Она не ответила, но рука разжалась, и он увидел, что в ней было: мастерок, мастерок каменщика, его отца. Все тело и ум его возмутились и запротестовали. Его мать во тьме угольного сарая с отцовским мастерком. Как грубо вторглись в то, что принадлежало ему одному. Его мать не имела права здесь быть. Будто она его тут обнаружила за мальчишеским грешком, точно в том же месте, где он, бывало, этим занимался; а тут она, сидит и злит Артуро его же воспоминаниями, он ее ненавидел, ее – тут, с отцовским мастерком в руке. Что это даст? Ходить и напоминать себе о нем, одежду его перебирать, кресло трогать? О, он ее сто раз видел – смотрит на его пустое место за столом; а теперь – вот, держится за его мастерок в угольном сарае, замерзла до смерти уже, но ей это безразлично, как покойнице. В ярости он пнул ведерко для угля и расплакался.
– Мамма! – зло крикнул он. – Ну что ты делаешь? Зачем ты здесь сидишь? Ты же умрешь тут, Мамма! Заколеешь!
Она поднялась и, качаясь, направилась к двери, вытянув перед собой побелевшие руки, с печатью холода на лице, от которого отхлынула вся кровь, – мимо него, в вечернюю полутьму. Сколько она тут просидела, он не знал, – может, час, может, больше, – но то, что она, должно быть, полумертва от холода, он понял. Она шла в оцепенении, осматриваясь так, будто видела это место впервые.

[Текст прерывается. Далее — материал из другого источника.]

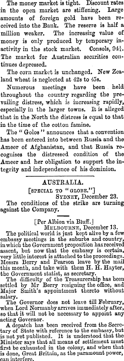 The money market is tight. Discount rates in the open market are stiffening. Large amounts of foreign gold have been received into the Bank. The reserve is half a million weaker. The increasing value of money is only produced by temporary inactivity in the stock market. Consols, 941. The market for Australian securities continues depressed. The corn market is unchanged. New Zealand wheat is neglected at 42s to 455. Numerous meetings have been held throughout the country regarding the prevailing distress, which is increasing rapidly, especially in the larger towns. It is alleged that in the North the distress is equal to that in the time of the cotton famine. The “ Golos ” announces that a convention has been entered into between Russia and the Ameer of Afghanistan, and that Russia recognises the distressed condition of the Ameer and her obligation to support the integrity and independence of his dominion. AUSTRALIA. [special to “globe.”] Sydney, December 23. The conditions of the strike are turning against the Company. [ Per Albion via Bluff.] Melbourne, December 13. The political world is just kept alive by a few embassy meetings in the suburbs and country, in which the Government proposition has received assent, but now that the embassy is certain, very little interest is attached to the proceedings. Messrs Berry and Pearson leave by the mail this month, and take with them H. H. Hayter, the Government statist, as secretary ._ The difficulty of the Treasurership has been settled by Mr Berry resigning the office, and Major Smith’s appointment thereto without salary. The Governor does not leave till February, when Lord Normanby arrives immediately after, so that it will not bo necessary to appoint any acting Governor. A depatch has been received from the Secretary of State with reference to the embassy, but is not yet published. It is understood that the Minister says that all means of settlement must first be exhausted in the colony, and when that is done, Great Britain, as the paramount power, can interfere.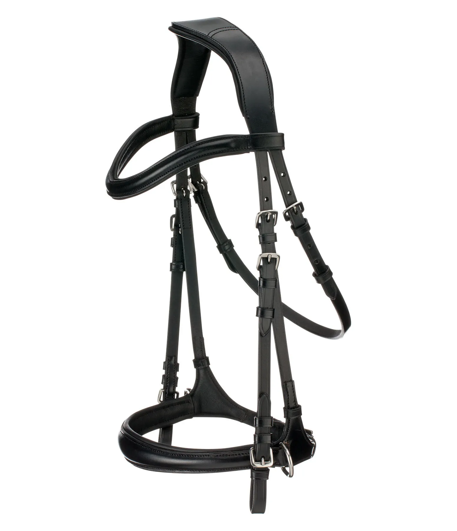Bridon polyvalent en cuir véritable pouvant être utilisé de plusieurs façons. Idéal pour la transition vers l’équitation sans mors. Muserolle, têtière et frontal vague anatomiques pour une meilleure répartition des pressions. Sous-gorges et attaches de mors amovibles. Bouclerie argentée. Sans rênes, sans mors.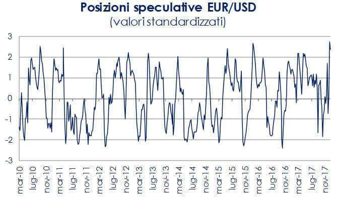 Le indicazioni provenienti dagli indicatori di flusso indicano ora un posizionamento (lungo) estremo a favore dell’euro. Secondo i dati pubblicati sulla borsa di Chicago (figura 5), le posizioni lunghe nette in EUR sono aumentate di altri $ 8 miliardi nei primi due rapporti del 2018 e sono pari a $ 21,6 miliardi in totale, il livello più alto mai registrato. Contestualmente, Nomura riporta che nella settimana terminata il 9 gennaio, il posizionamento netto dei fondi a leva in EUR è aumentato dal 16% al 26% (massimo annuale) e che i gestori patrimoniali sono lunghi di EUR in linea con la media semestrale. Queste considerazione evidenziano nuovamente che le variabili chiave saranno l’inflazione negli Stati Uniti e le attese di cambiamento di politica monetaria da parte della BCE nell’Area Euro.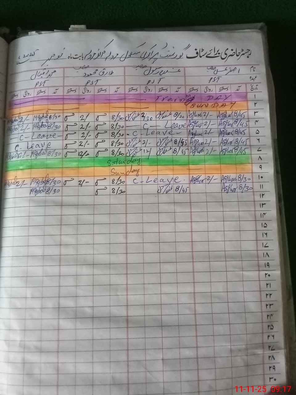 | CNIC | Full Name | Designation | R/C | Absence During Last Calender Month |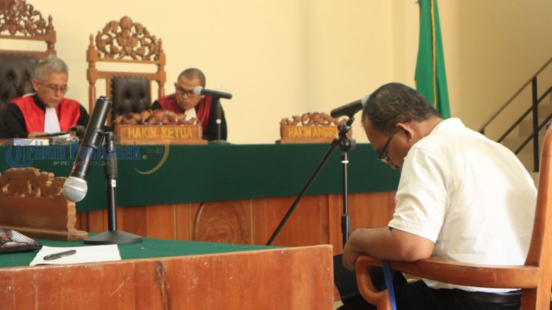 Sugito tertunduk mendengarkan pembacaan putusan oleh Majelis Hakim atas dugaan Tipikor proyek pengadaan alat kesehatan (Alkes) Rumah Sakit Umum Daerah (RSUD) Sultan Syarif Mohamad Alkadrie Kota Pontianak Tahun 2012 digelar di Pengadilan Tipikor Pontianak, Jalan Uray Bawadi, Pontianak, Kalimantan Barat, Kamis (5/7/2018) siang. Yekti Kusumawati yang merupakan Pejabat Pembuat Komitmen (PPK) dan Direktur Utama PT Bina Karya Sarana Sugito masing-masing divonis tiga tahun penjara potong masa tahanan, sedangkan pemilik PT Bina Karya Sarana sekaligus Direktur PT Mitra Bina Medika Suhadi divonis enam tahun penjara potong masa tahanan. TRIBUN PONTIANAK/DESTRIADI YUNAS JUMASANI
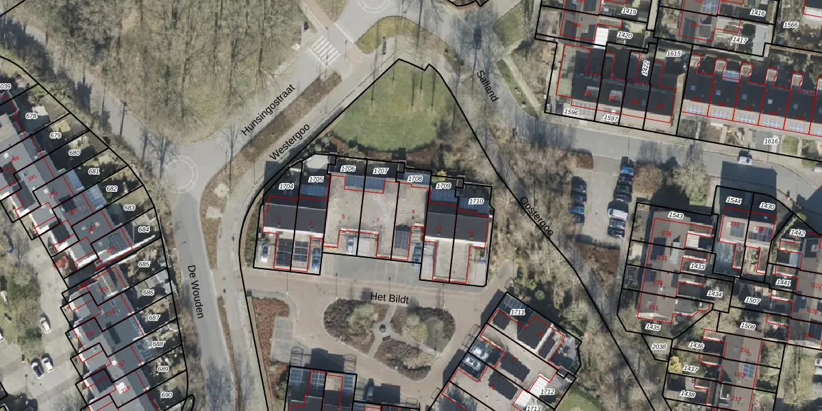 Gebruik de zoekbalk of klik op een perceel voor informatie over de adressen binnen dit perceel.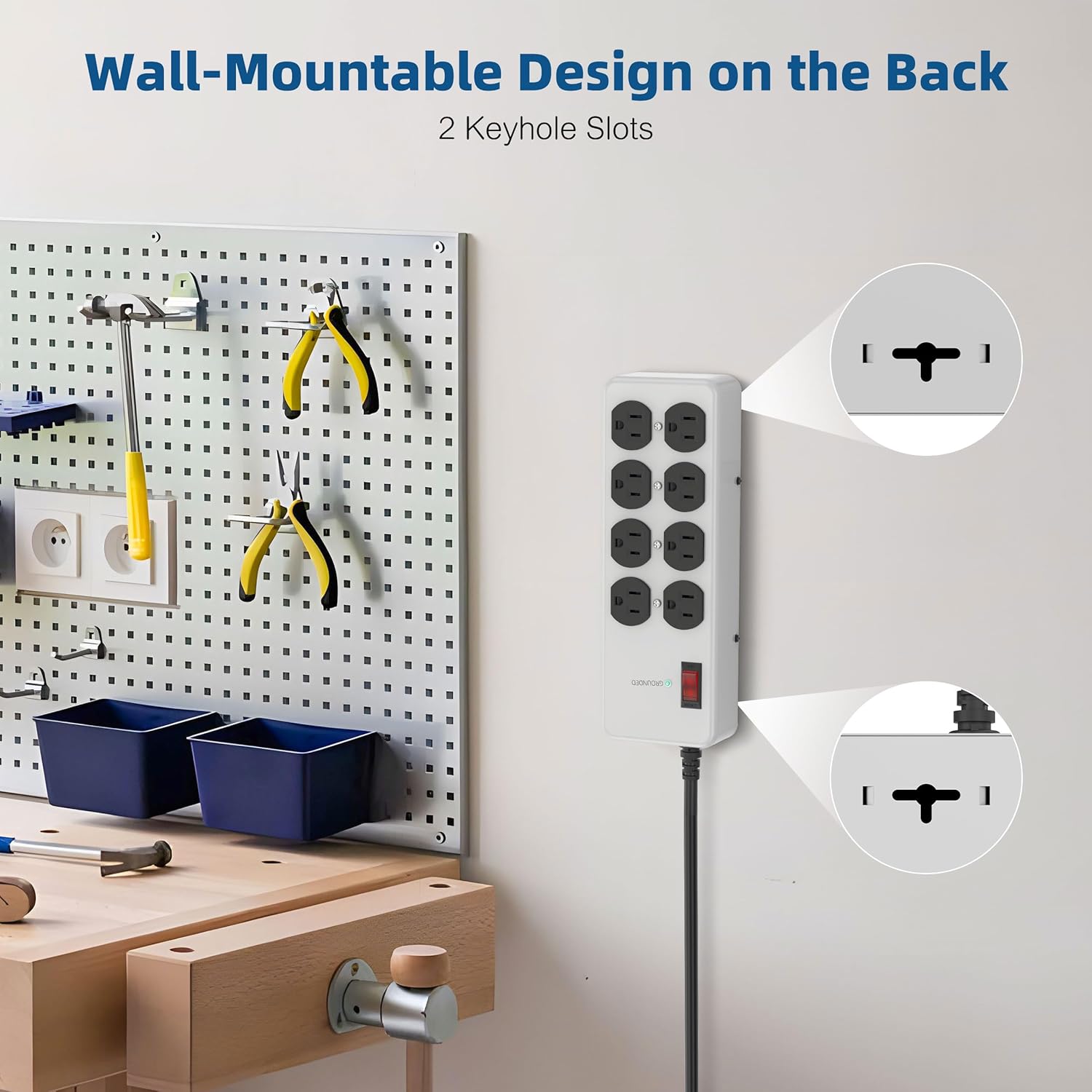 - High Capacity Powering: Equipped with 8 AC Outlets, this tool power strip surge protector has an electrical rating of 15A 125V 60Hz 1875W, combined with a 6ft 14AWG Heavy Duty Power Cord. It's the ultimate solution for all your power needs in heavy-duty settings, embodying the essence of a shop power strip heavy duty 15 amp.

Артуро наполнил ведерко углем. В сарае терпко пахло известью и цементом. С одной балки свисала роба Бандини. Он стащил ее и разодрал надвое. Шляться повсюду с Эффи Хильдегард – это нормально, это ему нравится, но почему из-за этого должна так страдать его мама, да еще и его заставлять страдать? Мать свою он тоже возненавидел: дура, специально убить себя хочет, а что со всеми остальными будет, с ним, с Августом и с Федерико, – на это ей наплевать. Все они – придурки. Единственный в семье, в ком хоть какой-то здравый смысл сохранился, – это он сам.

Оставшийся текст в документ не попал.